The GLA’s data science journey
Over the past couple of years the Greater London Authority has been developing its data science capacity. This blog post aims to give a brief snapshot of where we are and where we are headed, in terms of skills, organisation and infrastructure.
The Intelligence Unit at the GLA comprises a number of teams with many years of experience between them in areas including economics, opinion research, GIS, crime, census and demography.
If you have been following the development of the field of data science, you are likely to have come across Drew Conway’s data science Venn diagram, which describes data science as being at the intersection between hacking skills, maths and statistics knowledge, and substantive expertise (or domain knowledge). Traditionally, the Intelligence Unit at the GLA has been extremely strong on substantive expertise, with some good maths and statistics knowledge. We have recently been working to increase our skills in the hacking area, with areas of work being transferred from Excel into R and python, making use of PostgreSQL databases, Amazon Web Services and APIs, employing data scientists and software engineers, and offering training and support for existing staff. As such we are starting to add the data science intersection to the field of traditional research where we are already strong.
The two examples below show how we have been making use of these new skills to answer questions relevant to the environment and policing teams within the GLA.
Question: How many green roofs are there in London?
The environment team at the GLA is working to encourage the planting of green roofs in London as a way to increase the green space, biodiversity, and carbon capture in London.

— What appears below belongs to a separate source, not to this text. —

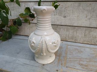 Ancien Vase Faïence Blanche de Malicorne Émile Tessier Fleurs de Lys Signé ET (Émile Tessier) Hauteur 22cm, largeur 13cm. État : Présence de petits éclats et égrenures

Green roofs also absorb rainwater which prevents flooding, and help to insulate buildings. Measuring the uptake of green roofs in London has previously been done manually by looking at aerial photographs of areas of London and counting the number of green roofs, then extrapolating to the rest of London. The challenge is to create an automated method to recognise green roofs. The approach that we are currently working on (but is still very much an experimental project) uses 3 datasets – aerial photographs, near infra-red imaging, and ordinance survey buildings outline maps. Healthy plants reflect near infra-red radiation, giving a strong signal in near-IR images which can be matched with ordinance survey building outlines maps to identify where there is plan growth on a building. The manually identified green roof areas are used as training data for a machine learning algorithm which then predicts where green roofs appear in other areas.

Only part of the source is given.